Adding flaxseed to your daily diet can also help reduce cholesterol. According to a study on menopausal women, the women who ate four tablespoons of flaxseed for a year showed a decrease in their levels of LDL.

Flaxseed is also helpful in controlling diabetes. ALA and lignans, the two main components of flaxseed, also help to reduce inflammation that accompanies certain diseases.

  1. Coconuts

Coconuts are rich in saturated fats. But this does not have any negative effects on the population that have a diet rich in coconuts (14). The fats in coconut mostly contain medium chain fatty acids. These fats go straight to the liver and turn into ketone bodies.

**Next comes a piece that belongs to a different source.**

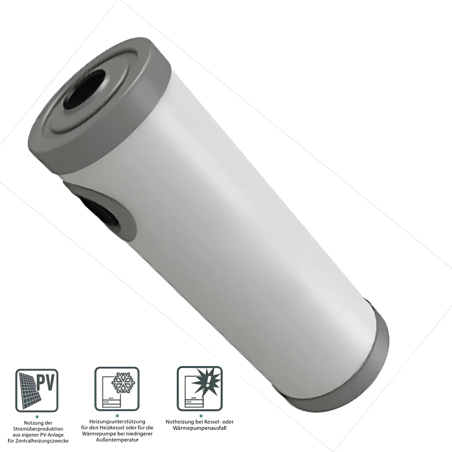 Is féidir an datha téimh a chomhtháthú go simplí i dtanc stórála atá ann cheana féin a bhuíochas leis an 1 1/2" Tacaítear le nasc snáithe seachtrach agus fad suiteála dlúth de 420 mm. Cuireann cábla nasctha 1.5 méadar ar fhad soláthar cumhachta simplí ar fáil freisin.

These fats also suppress appetite and boost metabolism. These types of fats also help people with Alzheimer’s disease.

These medium-chain triglycerides are antimicrobial, and they protect our digestive tract from harmful bacteria.

Both raw coconut and coconut oil are useful for our health.

  1. Full-fat yoghurt

Full-fat yoghurt is rich in many essential nutrients that our body needs. It is rich in calcium, B vitamins, phosphorus, magnesium, potassium and vitamin D. It also contains healthy probiotic bacteria that are highly beneficial for our digestive system (15).


Consuming yoghurt, especially if it contains probiotics, helps to reduce inflammation linked to viral infections. However, make sure you choose the real yoghurt and not the fat-free variety as these are loaded with sugar.

Final words on healthy high fat foods

So, it is safer to say that include above super healthy high fat foods in your diet plan to enjoy good health.

These high fat foods will improve your metabolism, protect you from heart disease, strengthens your bones and much more. Healthy fats are vital for a healthy mind and body.